** Requirement **
In the listing that follows, print every line exactly and leave the images out.

** Given information **
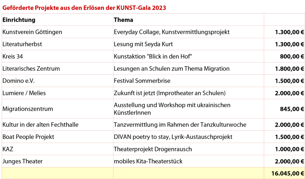Insgesamt wurden 14 Anträge eingereicht, in denen 21.745 Euro beim Verein KUNST beantragt waren. Die Jury des Vereins KUNST, die am 4.4.23 über die Vergabe der Fördergelder zu entscheiden hatte, hat die Anträge eingehend geprüft. Der Erlös der KUNST-Gala 2023 betrug 16.000 Euro, die maximal als Fördergelder vergeben werden konnten. Die Jury hat entschieden, 7 Projekte voll und 4 teilweise zu fördern. 3 Projekte konnten leider nicht gefördert werden.
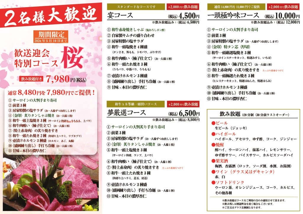 上野店限定のコースをご用意。 年末年始もリーズナブルにご満足頂ける内容となっております。
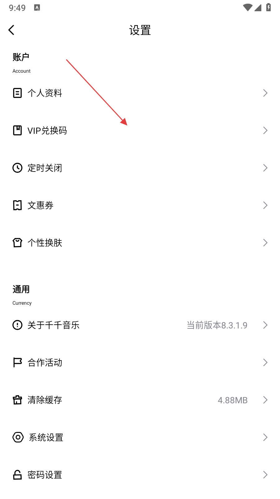 3、在设置页面点击【VIP兑换码】,进入VIP兑换码页面,可输入优惠码或兑换码。
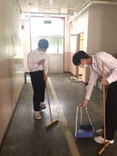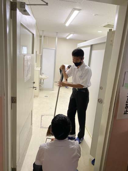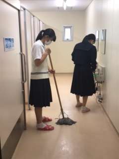 部活動待機をしているサッカー部、ソフトボール部の子たちや、居残りで学習をしている子たちが自主的にトイレや廊下を掃除してくれました。
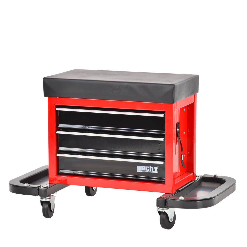 Verktygslåda med hjul och tre utdragbara lådor. Magnetiska vikbara sidor för förvaring av skruvar, muttrar och diverse metallbitar som arbetas med. Verktygshållare.
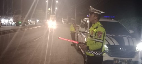 Petugas menggunakan kenderaan 1 Unit R-4 ISUZU D-MAX SAMAPTA patroli di Simpang Pintu Tol Limapuluh
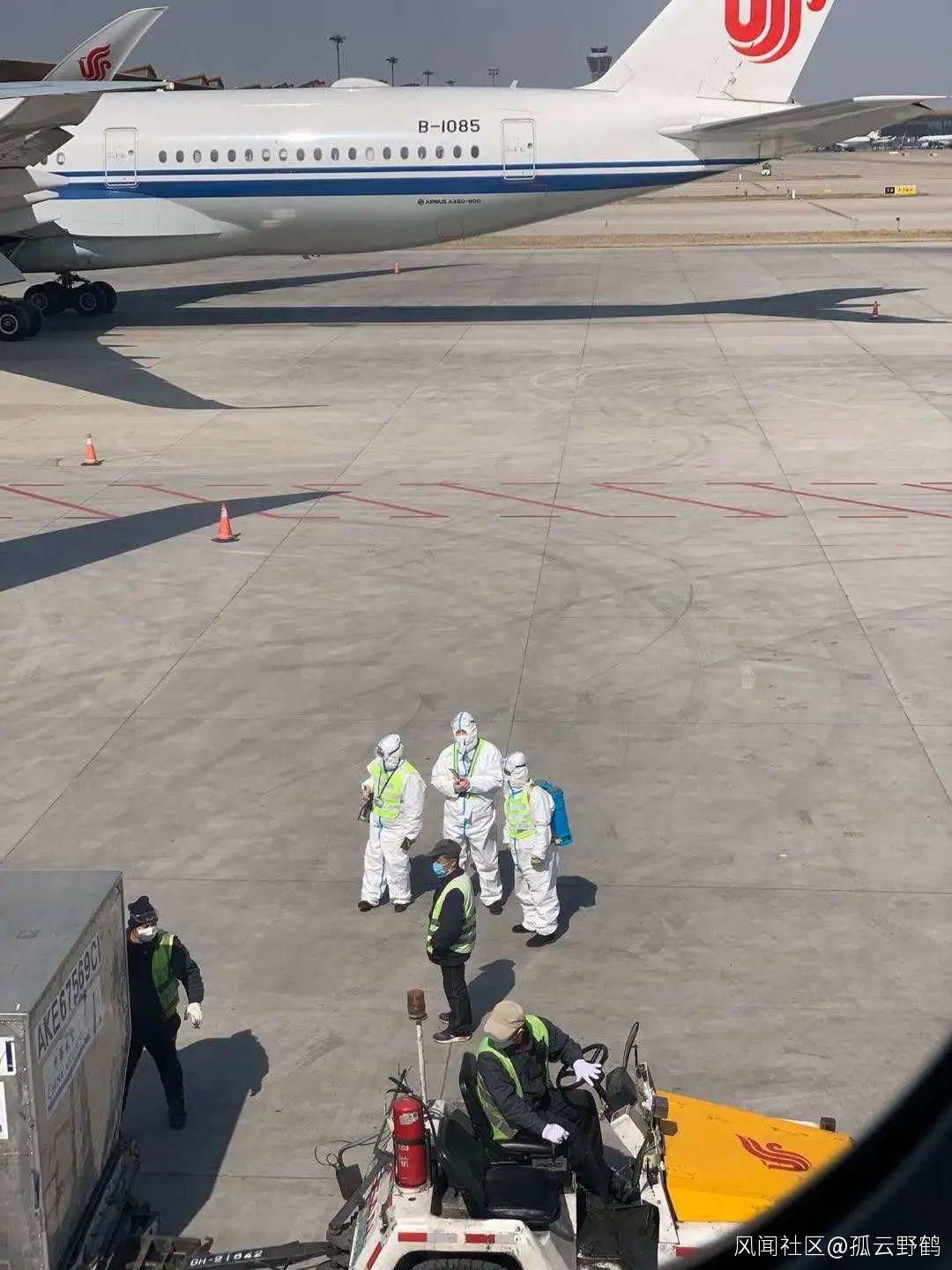 我在3月15日落地北京首都機場,國內機場的防護做得特別嚴。當時國外的航班特別多,需要分批下機,先是西班牙、意大利等疫情嚴重的國家航班,接着才是我們。我是早上8點50分落地的,11點才下飛機。抵達之後,在機場一路填表,測體温,全程有專屬通道。
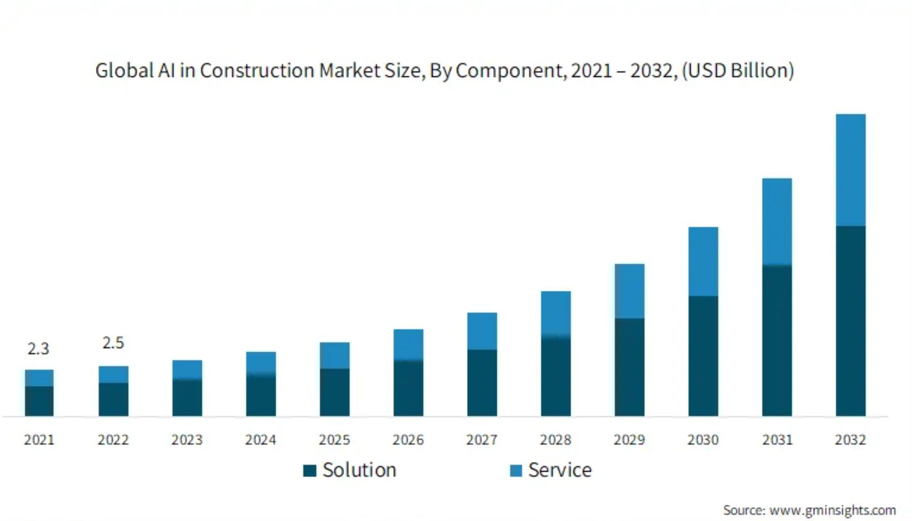 According to a report by Global Market Insights, the market size of AI in construction was valued at over $2.5 billion in 2022 and is expected to grow at a CAGR of 20% by 2032.
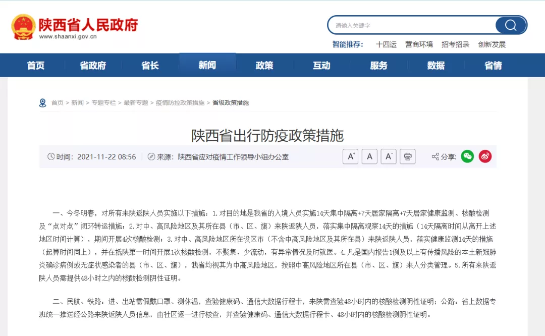 近日,陜西省應(yīng)對(duì)疫情工作領(lǐng)導(dǎo)小組辦公室發(fā)布陜西省最新出行防疫政策措施。
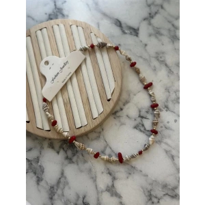 Kırıktaşlı Deniz Kabuğu Kolye - Kırmızı
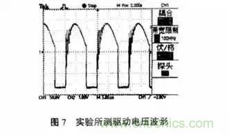 根據(jù)如前所述,驅(qū)動電壓、電流的理想波形不應(yīng)該是一條直線,而應(yīng)該是如圖6所示的波形。實驗波形見圖7。
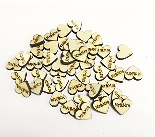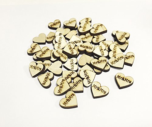 50 x2 PCS Rustic Wedding Decor Wooden Love Heart Table Scatter Decoration Crafts for Wedding Baby shower DIY Crafts,Mr and Mrs
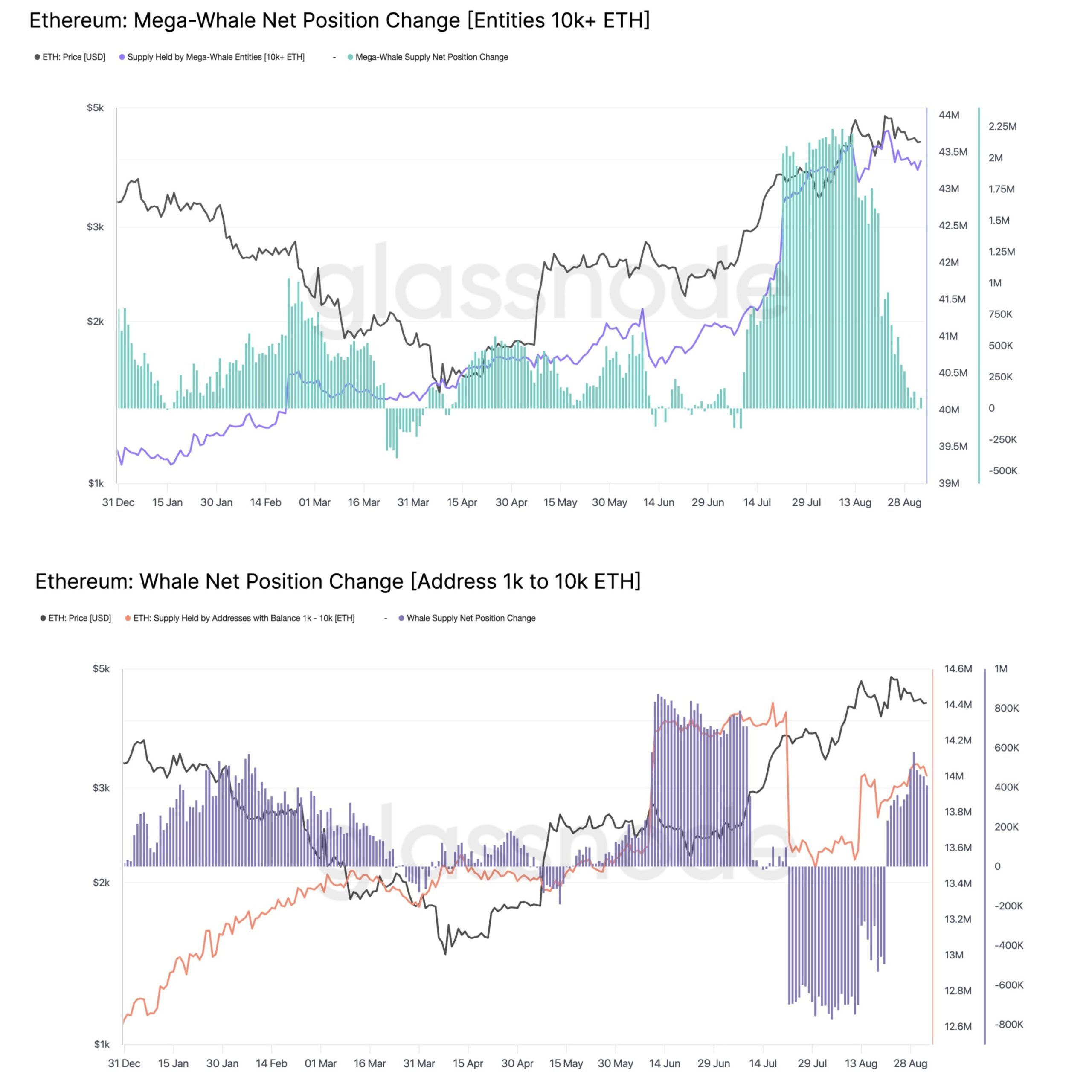 «Тамыз айында ETH-тің ең ірі иелері қарама-қарсы бағытта қозғалды», – делінген жазбада.

** Answer area **
Insgesamt wurden 14 Anträge eingereicht, in denen 21.745 Euro beim Verein KUNST beantragt waren. Die Jury des Vereins KUNST, die am 4.4.23 über die Vergabe der Fördergelder zu entscheiden hatte, hat die Anträge eingehend geprüft. Der Erlös der KUNST-Gala 2023 betrug 16.000 Euro, die maximal als Fördergelder vergeben werden konnten. Die Jury hat entschieden, 7 Projekte voll und 4 teilweise zu fördern. 3 Projekte konnten leider nicht gefördert werden.
 上野店限定のコースをご用意。 年末年始もリーズナブルにご満足頂ける内容となっております。
 3、在设置页面点击【VIP兑换码】,进入VIP兑换码页面,可输入优惠码或兑换码。
 部活動待機をしているサッカー部、ソフトボール部の子たちや、居残りで学習をしている子たちが自主的にトイレや廊下を掃除してくれました。
 Verktygslåda med hjul och tre utdragbara lådor. Magnetiska vikbara sidor för förvaring av skruvar, muttrar och diverse metallbitar som arbetas med. Verktygshållare.
 Petugas menggunakan kenderaan 1 Unit R-4 ISUZU D-MAX SAMAPTA patroli di Simpang Pintu Tol Limapuluh
 我在3月15日落地北京首都機場,國內機場的防護做得特別嚴。當時國外的航班特別多,需要分批下機,先是西班牙、意大利等疫情嚴重的國家航班,接着才是我們。我是早上8點50分落地的,11點才下飛機。抵達之後,在機場一路填表,測體温,全程有專屬通道。
 According to a report by Global Market Insights, the market size of AI in construction was valued at over $2.5 billion in 2022 and is expected to grow at a CAGR of 20% by 2032.
 近日,陜西省應(yīng)對(duì)疫情工作領(lǐng)導(dǎo)小組辦公室發(fā)布陜西省最新出行防疫政策措施。
 Kırıktaşlı Deniz Kabuğu Kolye - Kırmızı
 根據(jù)如前所述,驅(qū)動電壓、電流的理想波形不應(yīng)該是一條直線,而應(yīng)該是如圖6所示的波形。實驗波形見圖7。
 50 x2 PCS Rustic Wedding Decor Wooden Love Heart Table Scatter Decoration Crafts for Wedding Baby shower DIY Crafts,Mr and Mrs
 «Тамыз айында ETH-тің ең ірі иелері қарама-қарсы бағытта қозғалды», – делінген жазбада.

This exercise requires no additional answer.